← Kilroy’s Daily Briefings
🎬 AI Video Intel

🎬 AI Video Intel — Thursday, May 28, 2026 at 6:45 AM

🎬 AI Video Intel5/28/2026🕐 6:45 AMVideo modelsVisual AI

Top stories, ranked by relevance.

Story cards stay below the sticky dock while audio, chapters, date, and brief navigation remain accessible.

#1YouTube Will Now Auto-Detect and Label AI-Generated Videos

Announced yesterday: YouTube's systems will automatically identify "significant photorealistic AI use" and apply labels even when creators don't self-disclose. Labels move from buried descriptions to directly below the player on long-form, and as overlays on Shorts. Videos made with YouTube's own Veo tools or carrying C2PA metadata get permanent, non-removable labels. Creators can contest incorrect flags through YouTube Studio, but the message is clear — label your AI content proactively or the platform will do it for you.
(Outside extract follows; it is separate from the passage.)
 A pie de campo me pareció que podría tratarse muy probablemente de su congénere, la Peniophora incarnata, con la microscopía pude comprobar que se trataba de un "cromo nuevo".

#2Runway Ships Aleph 2.0 — Edit One Frame, Propagate Everywhere

Runway's new in-context video editor lets you modify a single frame and automatically propagates the change across the entire clip — up to 30 seconds at 1080p — while preserving everything you didn't touch. Think color grading, wardrobe swaps, product recolors, or VFX fixes without re-rendering from scratch. The new Edit Studio product wraps Aleph 2.0 and is available on all paid plans now. Separately, Runway ported Gen-4.5 to NVIDIA's Rubin platform in a single day, signaling major inference speed gains ahead.

#3Microsoft MAI-Image-2.5 Cracks Arena Top 3

Dropped this week: Microsoft's MAI-Image-2.5 hit the #3 spot on the Artificial Analysis text-to-image Arena leaderboard, up from the mid-tier MAI-Image-2 that launched in March. Better natural light, more accurate skin tones. Available for free testing on the Arena now; coming to MAI Playground and Microsoft Foundry within two weeks.
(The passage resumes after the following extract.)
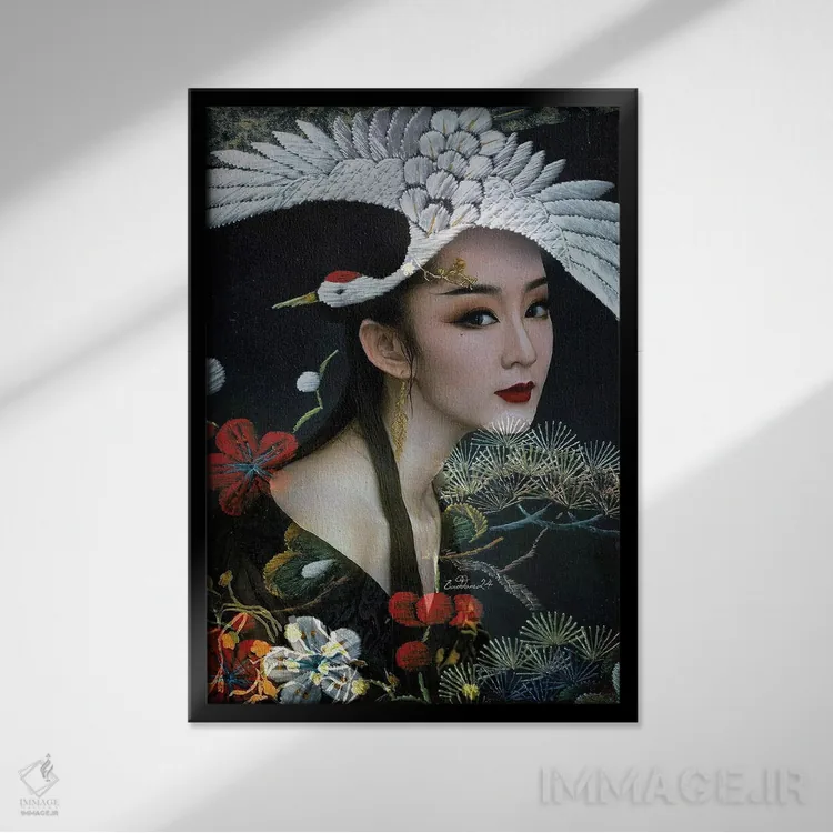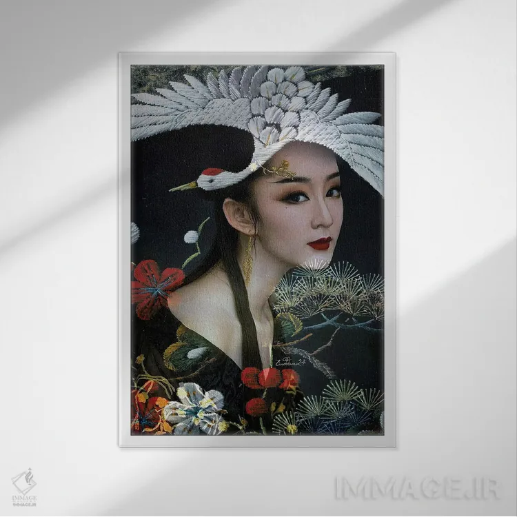 تابلو دکوراتیو بانویی با درنای سفید اثر دومینیک بادوئل

#4ComfyUI v0.22.0 — Stable Audio 3.0, LTXV VRAM Cuts, Async LoRA Loading

The May 20 release adds native Stable Audio 3.0 support, MoGe geometry processing, and HiDream-O1 with area conditioning. For video creators, the LTXV enhancements are the headline: downscaled IC-LoRA support, temporal downscaling, and reduced peak VRAM for LTX 2.3. Block prefetch and async LoRA loading make workflows noticeably snappier. Six new custom nodes shipped the same week, including TurboQuant for ~4.5x VRAM reduction via 3-bit quantization.
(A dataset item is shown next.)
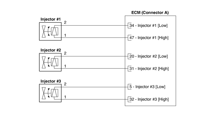 стороне) для подачи напряжения на форсунки и цепи массы (низкий
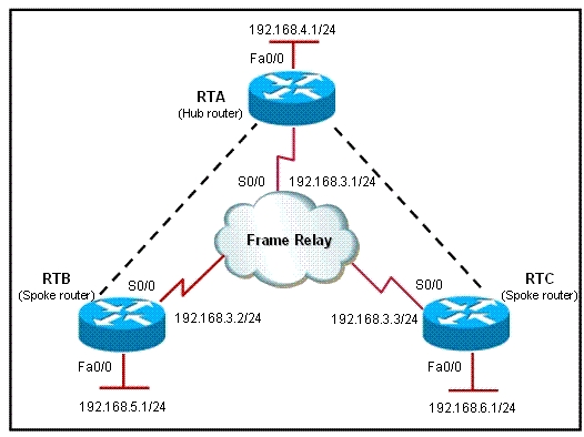 Router RTA is the hub router for routers RTB and RTC. The Frame

#5HappyHorse 1.0 Claims #1 on Video Arena Leaderboard

This 15-billion-parameter unified Transformer from a team reportedly inside Alibaba's Taotian Group hit the top of the Artificial Analysis Video Arena with an Elo of 1374 (T2V) and 1410 (I2V), beating Seedance 2.0, Kling 3.0, and every other commercial system. It ships 1080p cinematic quality with 7-language lip-sync (English, Mandarin, Cantonese, Japanese, Korean, German, French) and generates a 5-second 1080p clip in ~38 seconds on an H100. Open-source weights confirmed but independent access is still being verified.

#6DeepBrain AI Studios Launches 1,000+ Context-Aware Expressive TTS Voices

Announced May 26: AI Studios' new Expressive TTS engine auto-adapts tone, pacing, and delivery based on content type — news reads differently than audiobook narration, short-form video, live commerce, or educational content. The 1,000+ voices are organized by category rather than just language, which makes finding the right voice for a specific video format significantly faster.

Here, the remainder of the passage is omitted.